The document outlines a Technical Support Package from NASA regarding the software developed for identifying trends in Deep Space Network (DSN) monitor data, designated as NPO-42107. This software represents a significant advancement in the analysis of DSN data, which is crucial for both manned and unmanned space missions.

The primary function of the software is to analyze DSN monitor data for changes in critical parameters. It employs proven numerical techniques to detect statistically significant trends and then translates these numeric results into a symbolic form. This symbolic characterization allows for integration with existing model-based reasoning tools, enhancing the interpretability and usability of the data.

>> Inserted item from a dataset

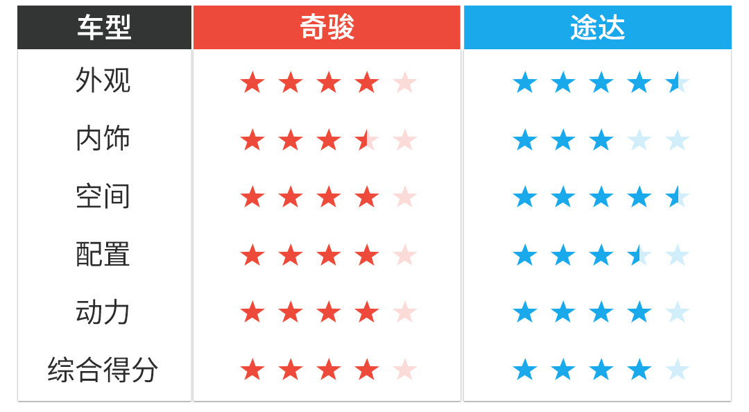 最后的结论,其实和我们一开始说的一样,奇骏更适合一般家庭在城市地区的用车;而途达则更适合经常要走拦路或一些越野路面的消费者,而且在此前的许多媒体评测中,途达的越野能力还是非常出色的。目前奇骏刚上市不久,暂时没有优惠信息,但是作为一款性价比已经这么高的车型,日后是否会提供终端优惠真的不得而知,所以想入手的,其实已经可以交定金了。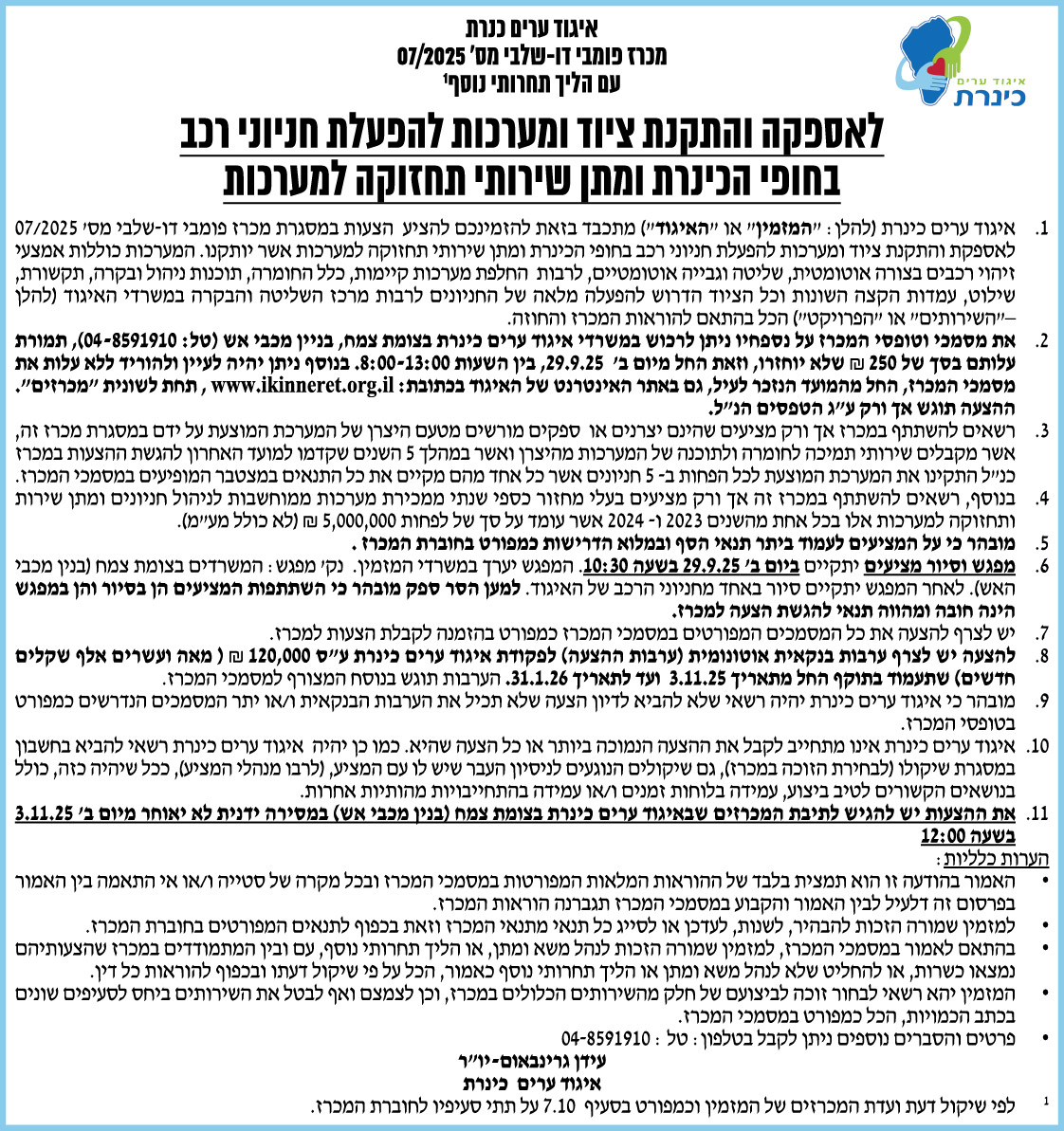 מכרז פומבי דו-שלבי מס' 07/2025 - עם הליך תחרותי נוסף לאספקה והתקנת ציוד ומערכות להפעלת חניוני רכב בחופי הכינרת ומתן שירותי תחזוקה למערכות

Historically, trend analysis in DSN data relied on manual plotting and visual inspection, which was time-consuming and prone to human error. The introduction of this software marks a substantial improvement, as it automates the process and provides a more reliable means of trend detection. The software has been tested extensively, analyzing thousands of hours of real-time and archived monitor data, with results verified by experts in the field.

The software is designed to be versatile, running on various platforms, including SUN, HP, Intel, and Apple MACs, as well as flight processors. It can be distributed in both source code and binary formats and requires a LISP compiler for operation. Its memory requirements are flexible, depending on the applications it supports, and it is implemented as a library package that integrates into different environments.

This capability is particularly valuable for the Common Automation Engine (CAE) at Goldstone, where it is currently in 24/7 use in a shadow mode. The algorithms used in the software are domain-independent, making them applicable to a wide range of different applications beyond just DSN data analysis.

In summary, the document highlights a groundbreaking software tool that enhances the analysis of DSN monitor data, improving the efficiency and accuracy of trend detection in space exploration. This innovation not only streamlines data analysis but also supports the broader goals of NASA's aerospace-related developments, with potential applications in various scientific and commercial fields.